> _MATERIALS PROVIDED_:
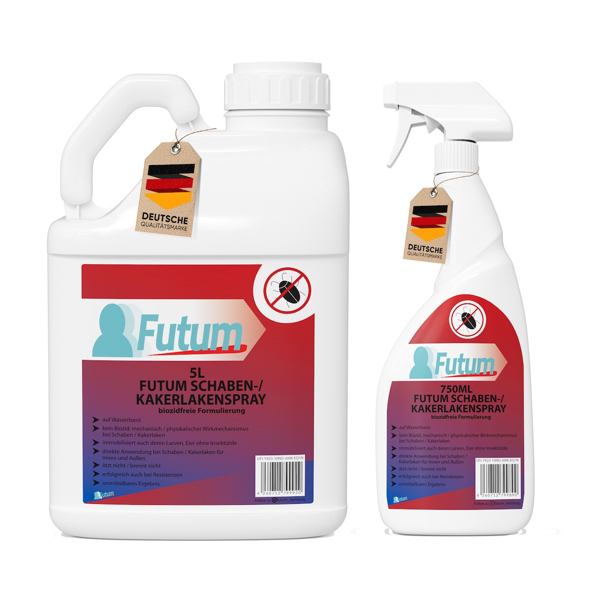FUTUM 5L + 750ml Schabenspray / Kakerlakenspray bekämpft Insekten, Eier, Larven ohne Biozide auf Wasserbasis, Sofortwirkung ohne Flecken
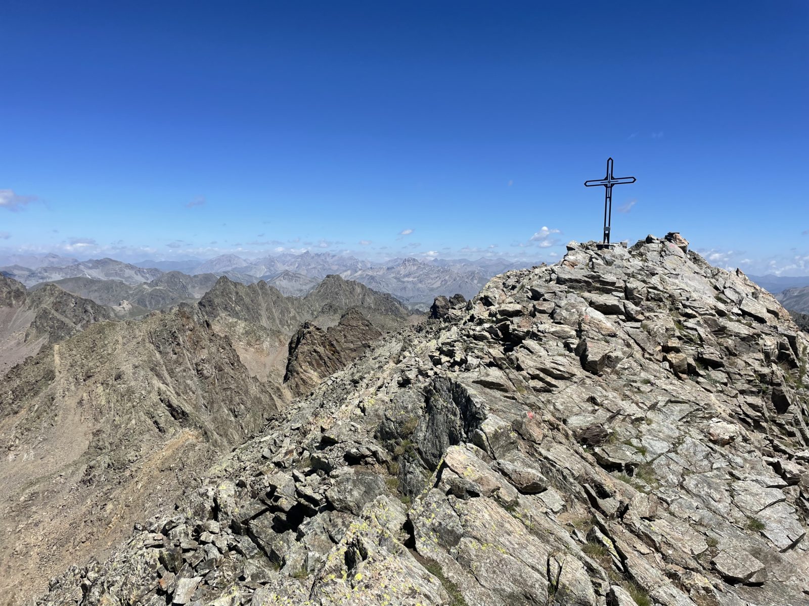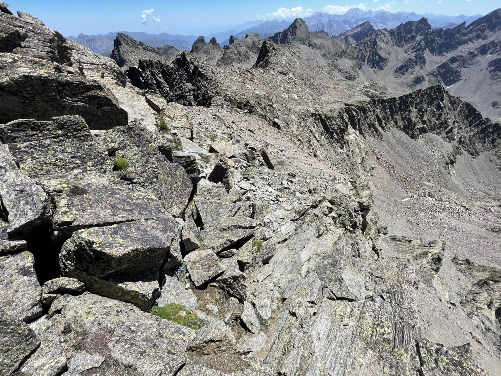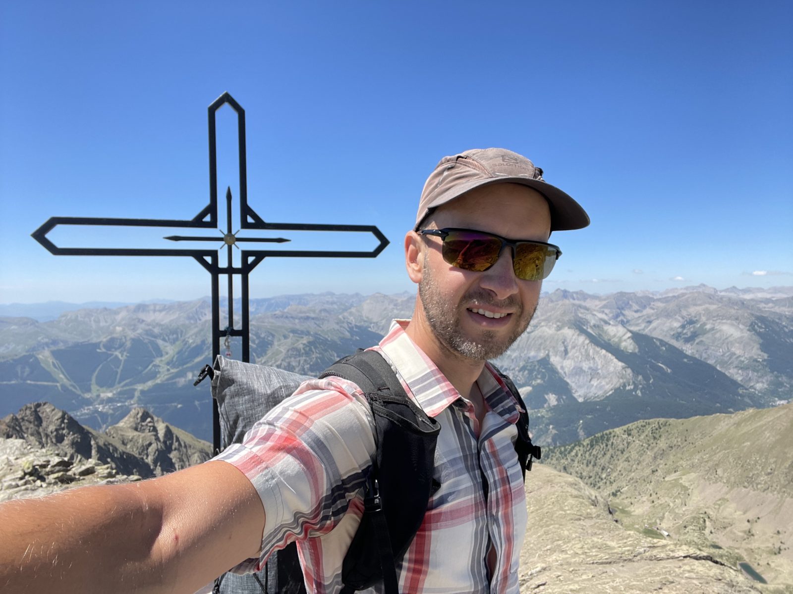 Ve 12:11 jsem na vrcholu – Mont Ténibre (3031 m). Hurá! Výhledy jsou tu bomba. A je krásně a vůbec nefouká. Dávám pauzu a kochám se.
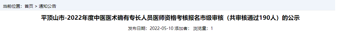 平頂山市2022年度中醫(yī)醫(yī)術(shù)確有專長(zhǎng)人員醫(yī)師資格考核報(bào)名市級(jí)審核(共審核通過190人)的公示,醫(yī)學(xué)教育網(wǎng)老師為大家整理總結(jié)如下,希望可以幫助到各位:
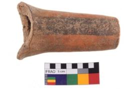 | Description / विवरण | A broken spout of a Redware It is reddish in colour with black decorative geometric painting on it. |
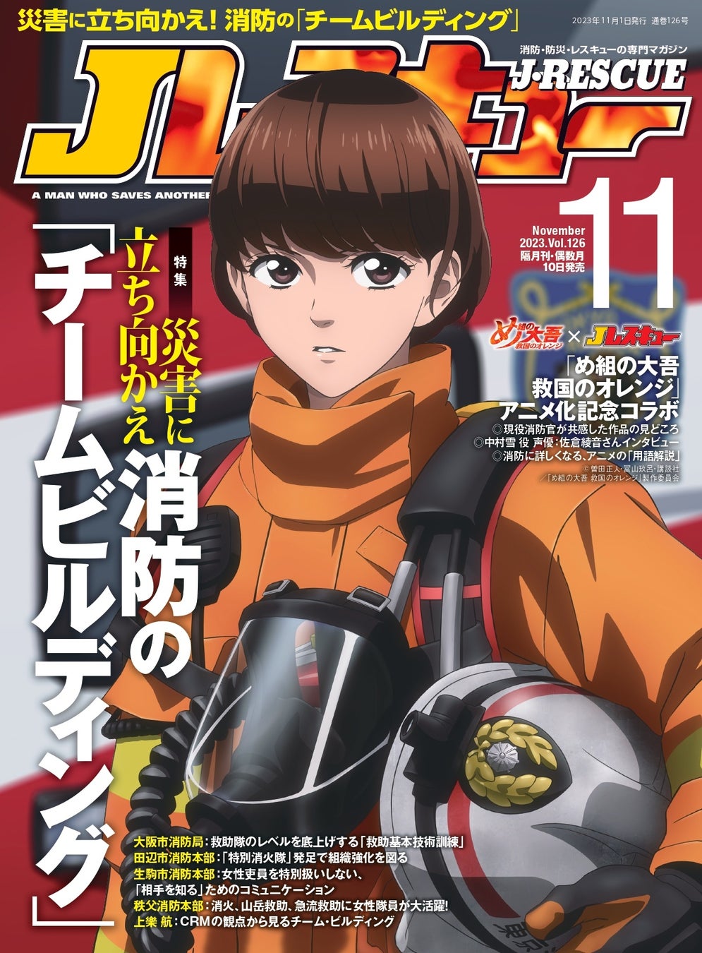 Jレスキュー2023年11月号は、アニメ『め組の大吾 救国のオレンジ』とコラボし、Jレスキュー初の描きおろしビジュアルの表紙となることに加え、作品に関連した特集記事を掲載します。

* * *

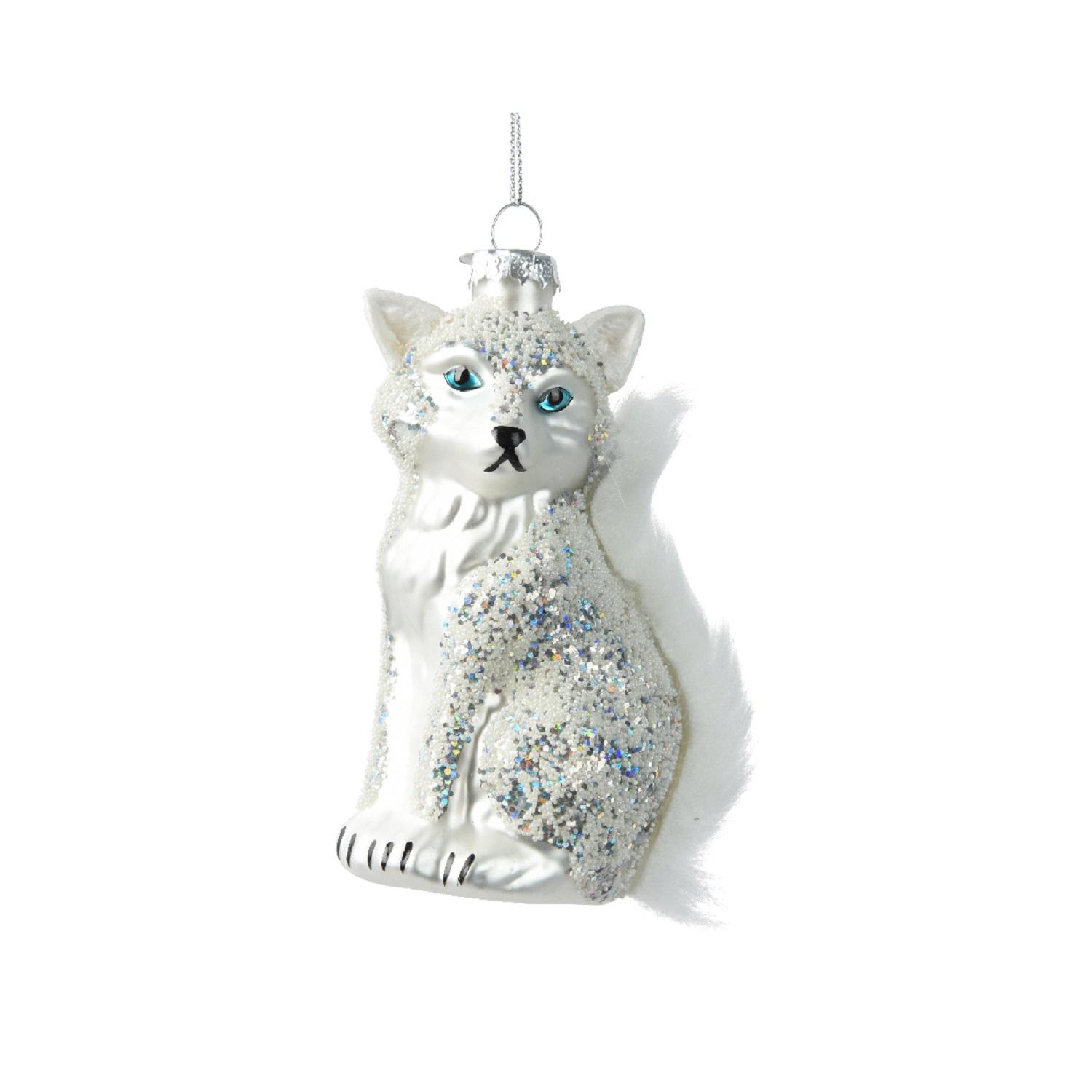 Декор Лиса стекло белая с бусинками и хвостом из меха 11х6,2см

> _WORK ORDER_: Starting at the line above that contains "painting on it. |", transcribe every line exactly through the line that contains "Jレスキュー2023年11月", including that last one, and skip the pictures.

> _ANSWER_:
 | Description / विवरण | A broken spout of a Redware It is reddish in colour with black decorative geometric painting on it. |
 Jレスキュー2023年11月号は、アニメ『め組の大吾 救国のオレンジ』とコラボし、Jレスキュー初の描きおろしビジュアルの表紙となることに加え、作品に関連した特集記事を掲載します。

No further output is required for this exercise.